Rob Nixon, author of Slow Violence and the Environmentalism of the Poor

Environmental Justice in Contemporary US Narratives dives into the lively, sometimes contentious debates surrounding ecocriticism, American studies, and media studies to make sense of their entangled intellectual roots. From John Steinbeck to Karen Tei Yamashita, Athanassakis brilliantly reads environmental justice fictions about food production, laboring bodies, citizenship and globalization, for what they tell us about ecological destruction inherent in rampant – markedly American – global capitalism. The result is a richly satisfying, and much needed, recalibration of our understanding of the major contributions of transnational American Studies to the fast rising field of the environmental humanities."
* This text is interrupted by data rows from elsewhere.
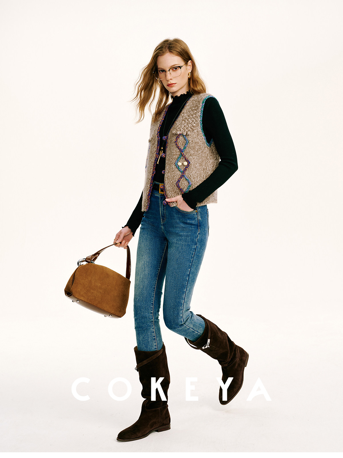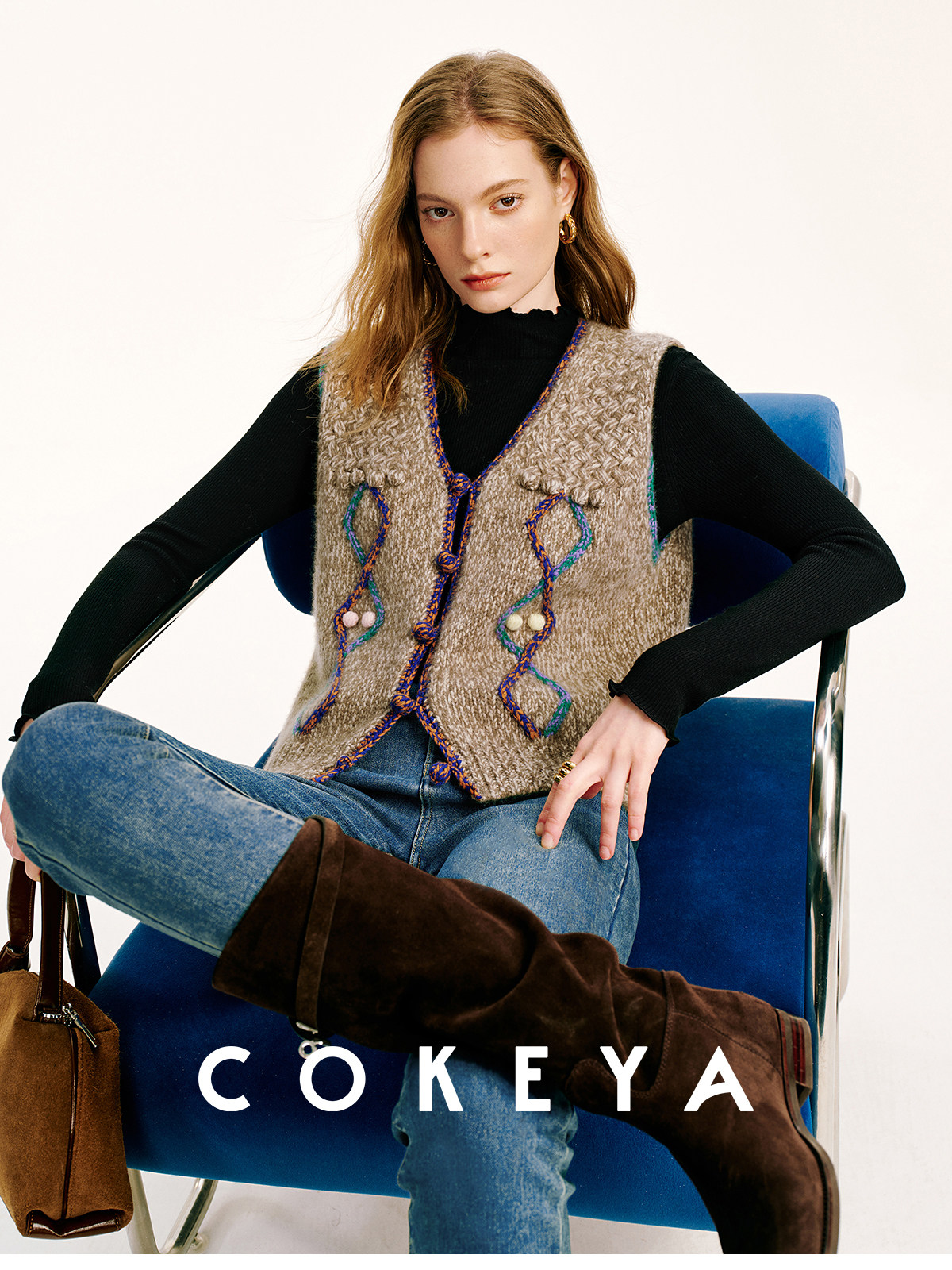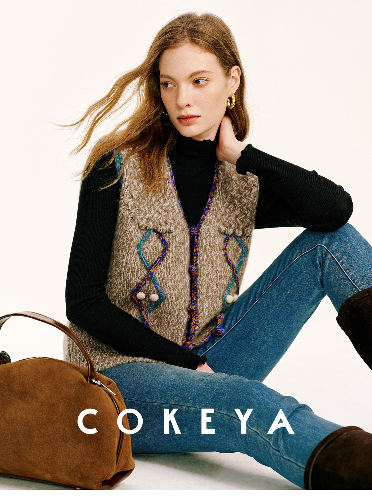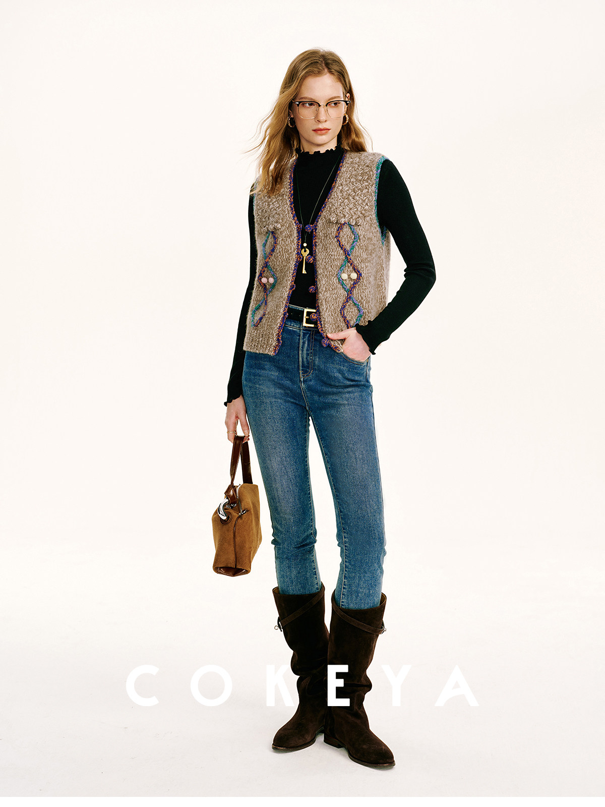 Cokeya/Nomad·Free Spirit~26-Count Cashmere Diamond-Pattern V-Neck Knitted Short Sleeveless Vest for Women, Spring Season
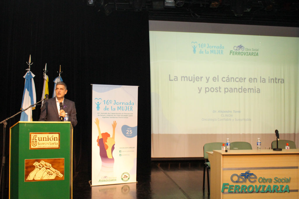 El primer expositor fue el especialista en Oncología y Director de Clinon, Dr. Alejandro Turek, quien habló sobre ‘La Mujer y el Cáncer en la Intra y Post Pandemia’, haciendo hincapié en los problemas que trajo aparejado el aislamiento, tanto por los malos hábitos como por la ausencia de consultas médicas que posibiliten detectar a tiempo las enfermedades.
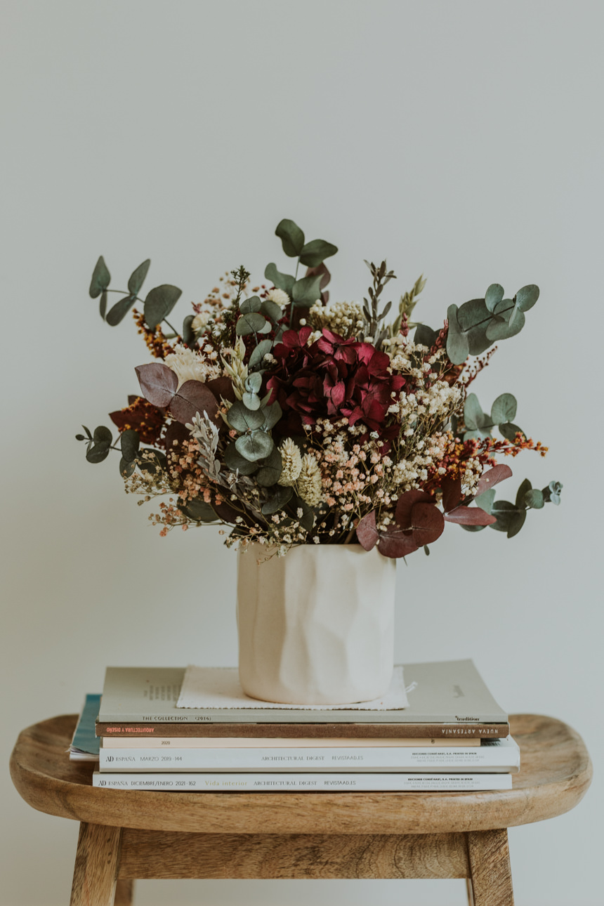 Es un centro mediano, perfecto para una mesita de café, una mesilla de noche o una mesa de comedor pequeña. Los tonos rojizos y granates aportan calidez a cualquier habitación. Eso sí, destacarán todavía más combinados con una decoración neutra.
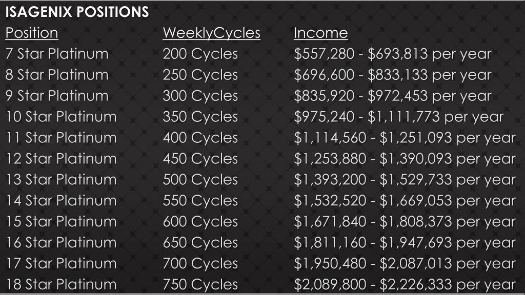 ISAGENIXPOSITIONS • PositionWeeklyCyclesIncome • 7 Star Platinum 200 Cycles $557,280 - $693,813 per year • 8 Star Platinum 250 Cycles $696,600 - $833,133 per year • 9 Star Platinum 300 Cycles $835,920 - $972,453 per year • 10 Star Platinum 350 Cycles $975,240 - $1,111,773 per year • 11 Star Platinum 400 Cycles $1,114,560 - $1,251,093 per year • 12 Star Platinum 450 Cycles $1,253,880 - $1,390,093 per year • 13 Star Platinum 500 Cycles $1,393,200 - $1,529,733 per year • 14 Star Platinum 550 Cycles $1,532,520 - $1,669,053 per year • 15 Star Platinum 600 Cycles $1,671,840 - $1,808,373 per year • 16 Star Platinum 650 Cycles $1,811,160 - $1,947,693 per year • 17 Star Platinum 700 Cycles $1,950,480 - $2,087,013 per year • 18 Star Platinum 750 Cycles $2,089,800 - $2,226,333 per year
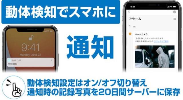 動体検知で自動追跡や記録写真撮影とスマホへの通知、SDカードへの録画が可能
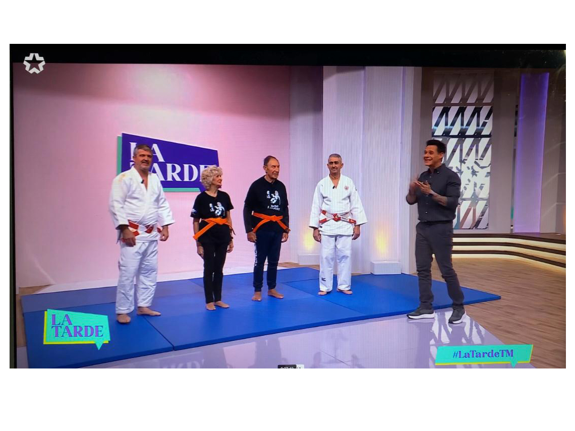 Los alumnos que participan en el proyecto de judo para mayores del Ayuntamiento de Torrejón de Ardoz protagonistas del programa de Telemadrid, La Tarde, presentado por Christian Gálvez

Joni Adamson, Professor, Environmental Humanities, and Director of the Environmental Humanities Initiative, Arizona State University, USA

About the Author
Yanoula Athanassakis received her PhD in English (American Literature), with a global studies emphasis, from the University of California at Santa Barbara, USA. She is Co-Founder of the Environmental Humanities Series at New York University (NYU) and Assistant Vice Provost for Academic Affairs, NYU, USA.